» Requirement
Lines below starting with the line with "Europejska waluta, ostatnio" and going on through the line with "- Search for" must be output exactly; the rest of the records must be left out.

» Information supplied
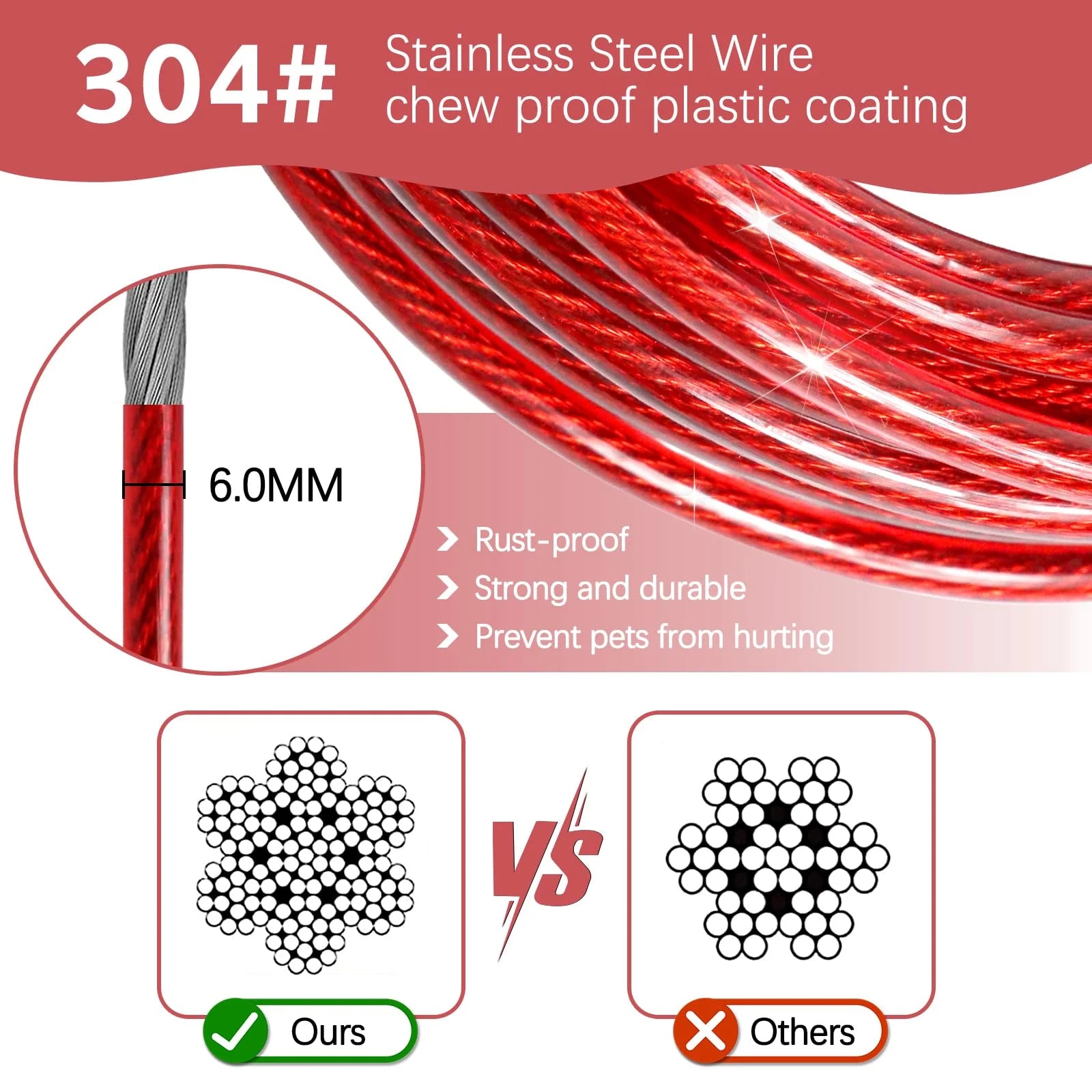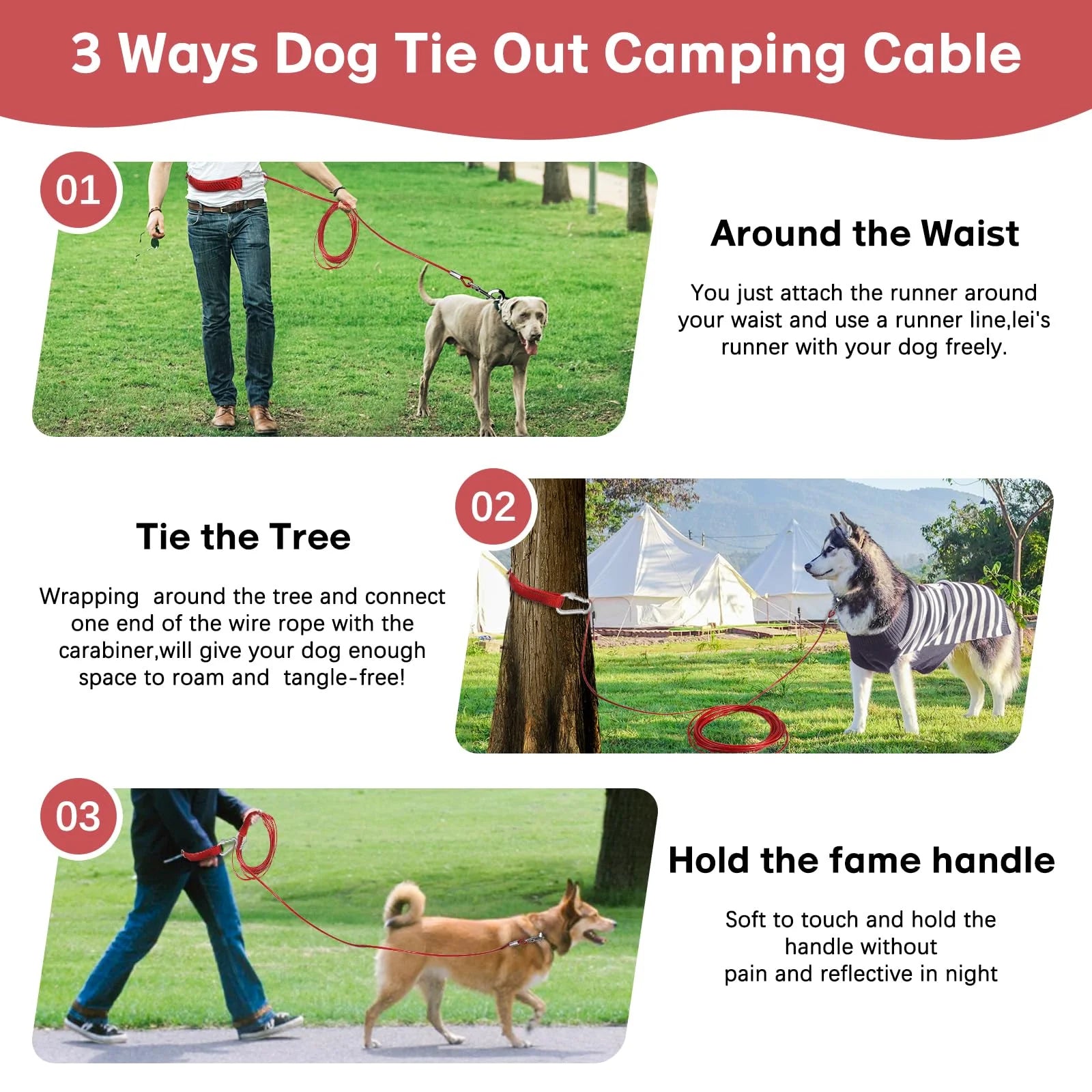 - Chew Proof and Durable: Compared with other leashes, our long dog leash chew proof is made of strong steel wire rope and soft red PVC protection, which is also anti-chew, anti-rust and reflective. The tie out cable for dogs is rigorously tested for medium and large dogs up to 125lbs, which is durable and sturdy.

---

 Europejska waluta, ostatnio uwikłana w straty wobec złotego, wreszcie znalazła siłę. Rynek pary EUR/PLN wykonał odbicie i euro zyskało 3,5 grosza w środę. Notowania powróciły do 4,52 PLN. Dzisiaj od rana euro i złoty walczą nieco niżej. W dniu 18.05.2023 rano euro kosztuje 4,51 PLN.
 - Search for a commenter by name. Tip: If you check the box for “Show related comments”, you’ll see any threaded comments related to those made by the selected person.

» Task result
 Europejska waluta, ostatnio uwikłana w straty wobec złotego, wreszcie znalazła siłę. Rynek pary EUR/PLN wykonał odbicie i euro zyskało 3,5 grosza w środę. Notowania powróciły do 4,52 PLN. Dzisiaj od rana euro i złoty walczą nieco niżej. W dniu 18.05.2023 rano euro kosztuje 4,51 PLN.
 - Search for a commenter by name. Tip: If you check the box for “Show related comments”, you’ll see any threaded comments related to those made by the selected person.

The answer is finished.